# A requirement for Acinetobacter baumannii purine biosynthesis during lung infection is exacerbated by host zinc deficiency

**Authors:** Lauren D. Palmer, Hannah R. Noel, Kacie A. Traina, John H. Geary, Eric P. Skaar

PMC · DOI: 10.1128/msphere.00735-25 · 2026-02-09

## TL;DR

This study shows that Acinetobacter baumannii needs to make purines to infect the lungs, and this need is worse when the host is zinc-deficient.

## Contribution

The study identifies purine biosynthesis as a critical and zinc-sensitive pathway for A. baumannii lung infection.

## Key findings

- A. baumannii purI mutants are less fit in the lungs of both zinc-sufficient and zinc-deficient mice.
- Purine biosynthesis is more essential for A. baumannii in zinc-deficient hosts.
- Purine biosynthesis is a potential drug target for treating A. baumannii lung infections.

## Abstract

Acinetobacter baumannii is a leading cause of hospital-acquired infections, including ventilator-associated pneumonia.
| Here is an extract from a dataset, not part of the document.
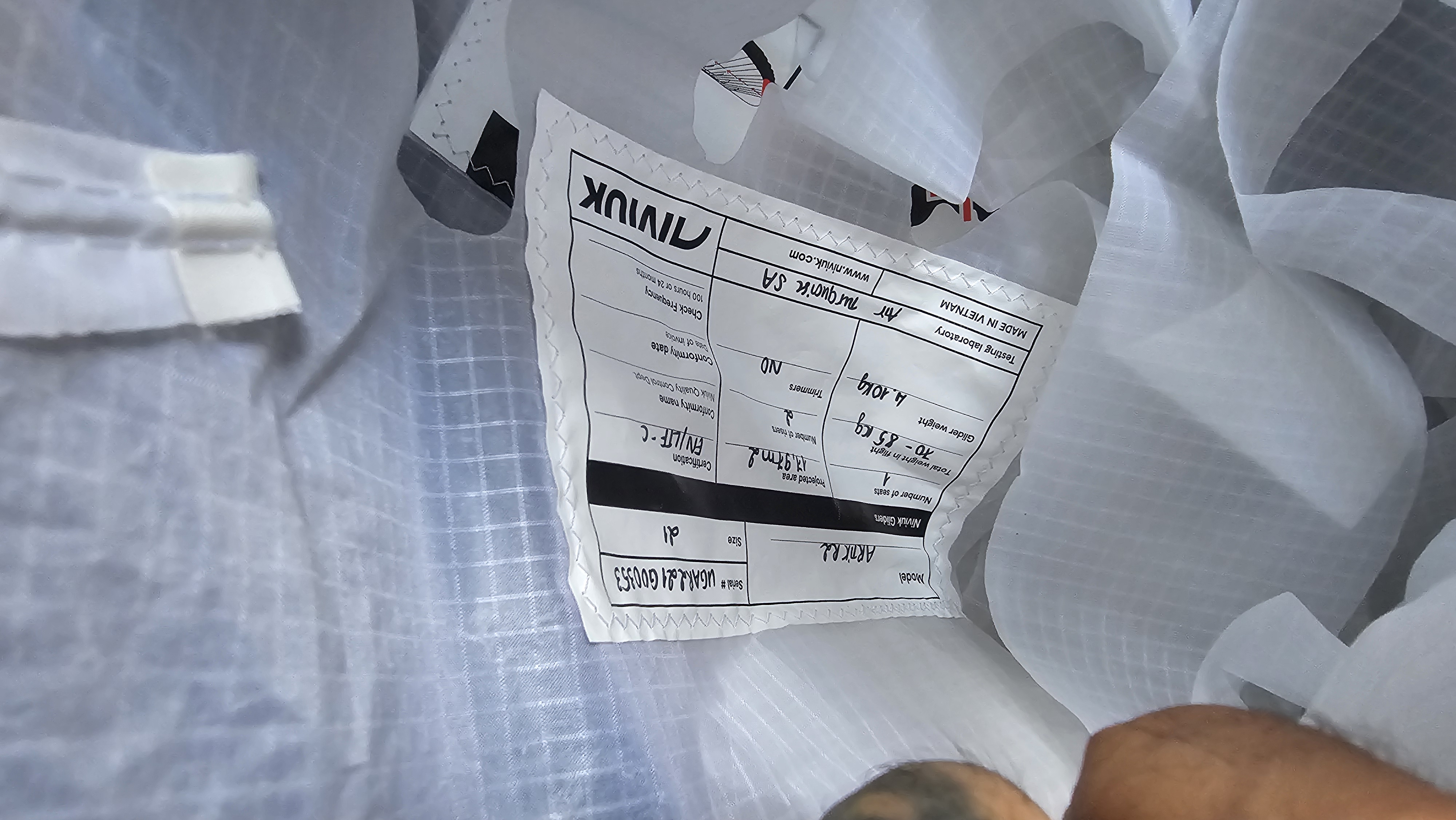 New Niviuk Artik R2 for sale, 2-liner, size 70-85kg, color Glacier, size 21, no damage. It has only 20 hours of flight time. I won't be flying this year for health reasons, so I'll pass on the offer to someone who will use it.

Dietary zinc deficiency is a major risk factor for pneumonia, and hospitalized patients at risk for A. baumannii infection have increased rates of zinc deficiency. We previously showed that dietary zinc deficiency enhanced A. baumannii pneumonia pathogenesis via an IL-13-dependent mechanism in mice. Here, we identified A. baumannii genes required for proliferation in the lungs of zinc-deficient mice using a genome-wide transposon sequencing (Tn-seq) screen. In zinc-deficient mice, Tn insertions in 614 A. baumannii genes led to significant differences in fitness in the lungs at 24 h. Most of these genes were also required in zinc-sufficient control mice. Mutants with disruptions in genes in the purine biosynthetic pathway, such as purI, and acinetobactin iron siderophore pathways were more strongly selected during lung infection in zinc-deficient mice compared to zinc-sufficient mice by Tn-seq. A reconstructed purI mutant was defective compared to wild type during lung infection in zinc-sufficient mice, with the defect further exacerbated in zinc-deficient mice. Thus, A. baumannii purine biosynthesis is required to infect the lung, and its requirement is exacerbated in a zinc-deficient host.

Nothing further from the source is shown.